Lincoln Aftergood, Opinion Editor

When CESJDS administrators stated that there would be no high school final exams this year, many students felt relieved. Yet this is a short-sighted view. Finals allow students to retain the information they learned and prepare them for future college tests.

Exams are administered at the end of the school year to test students’ acquisition of knowledge. They compel students to review what they have learned and to revisit what they might not have understood before. They give students a second chance at learning.

Without the final exam, one important incentive for students to study and review previous instruction is eliminated. Because of this, many people will forget what they have learned soon after it was taught. This sets them up for failure in the future when they encounter a topic that requires them to build upon what they previously studied.

However, this natural cycle of learning and forgetting can be broken by the intensive studying that the final test encourages. As students attempt to retain information by preparing for the final, they try out different strategies. Eventually they may discover a few that work effectively.

Acquiring practical study strategies can often mean the difference between doing well in a class or not. Learning through studying for finals would help JDS students immensely in their academic pursuits.

Along with learning how to study intensively, finals teach students how to efficiently take long tests. JDS finals are all two hours long, which is useful practice for students on their way to college. Finals are the one opportunity for students to really experience exams similar to those they will likely encounter in their university classes.

JDS finals are also worth 10% of a student’s overall grade in a class.
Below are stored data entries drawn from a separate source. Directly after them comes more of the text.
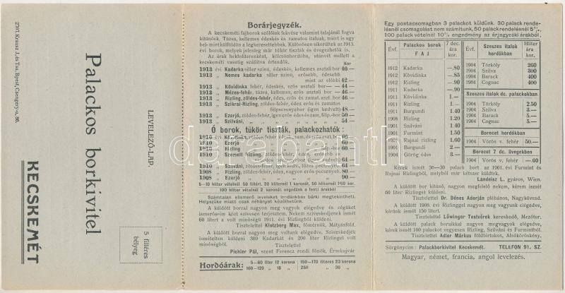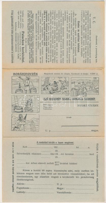 Description: Kecskemét, Első Kecskeméti Palackos Borkivitel. Borárjegyzék, megjelenik minden hó elsején. Szerkeszti és kiadja Váry J. kihajtható 3-részes levelezőlap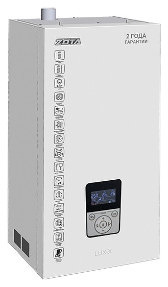Электрический котел Zota LUX-X 60 предназначен для обогрева жилых и производственных помещений, а также нагрева воды для технических целей. Модель оснащена вертикально ориентированными баком и защитным кожухом, расположенным на фронтальной панели многофункциональным электронным контроллером X-Line 100E с мембранной клавиатурой и информативным графическим дисплеем с цифровыми и символьными сегментами индикации, бак сварной конструкции имеет 4 блока трубчатых электронагревателей (ТЭНов) сверху, 2 патрубка для теплоносителя: входной снизу и выходной сверху. Защитный кожух выполнен из листовой стали с внешним антикоррозийным покрытием порошковой краской белого цвета, ТЭНы – из аустенитной нержавеющей стали с нихромовой спиралью, упаковка – из гофрокартона.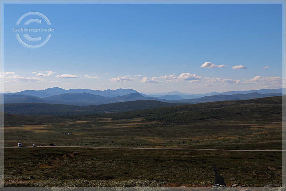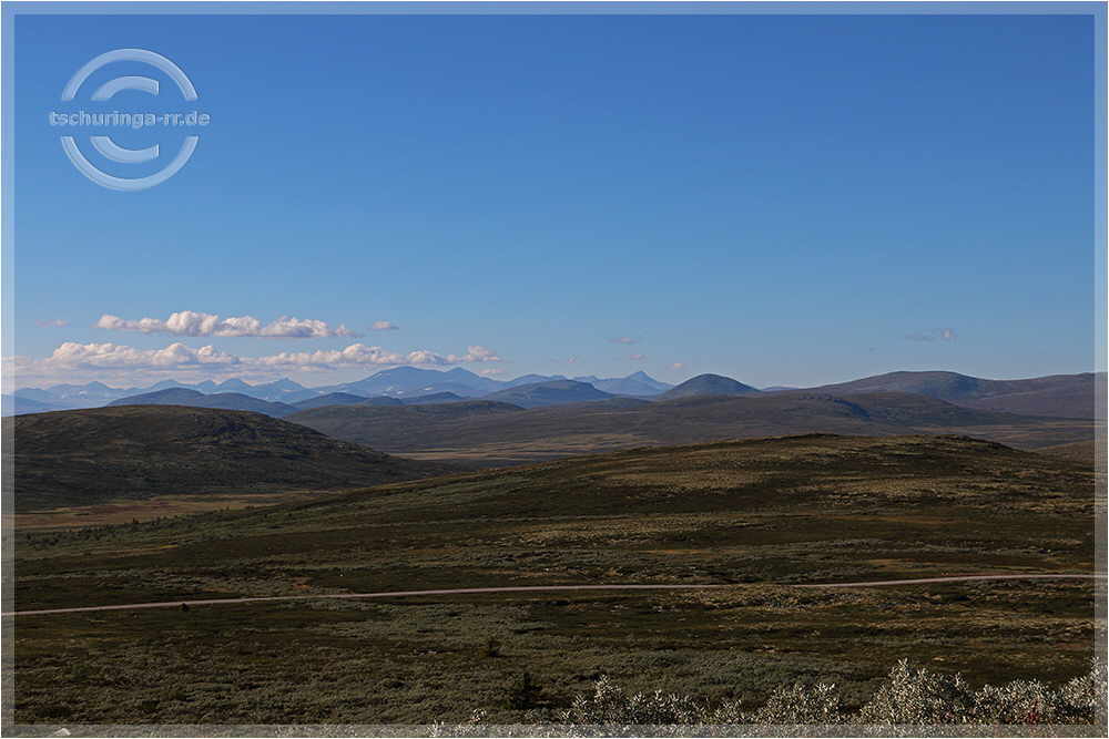 sich den Berg hinauf schlängelt. Oben wandern wir auf dem Rondanestien
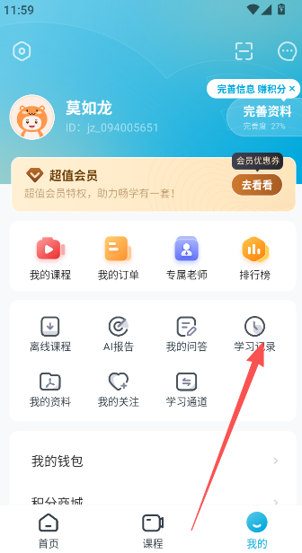 2、之后在用户界面点击我的,找打学习记录部分开始查看。

Administering a test that is so significant for students’ grades helps the students learn how to cope with the stress of large assignments. It gives them a chance to learn how to deal with their stress in a healthy manner. Eliminating the final would only leave them unprepared for the challenges they will have to face in the future.

People like to complain that finals are stressful, and they are right. But they fail to consider the alternative. It would be much more stressful to arrive in college without the kind of testing experience that finals provide, and then to do poorly on the first few tests. Compared to college, these exams have much lower stakes.

For the past two years, JDS has not held finals because of COVID-19. While it is unfortunate that the exams had to be canceled, it was understandable. However, these unusual circumstances should not lead JDS to eliminate finals altogether. Upon the return of normalcy, final exams should once again become standard practice because they provide valuable experience for high school students.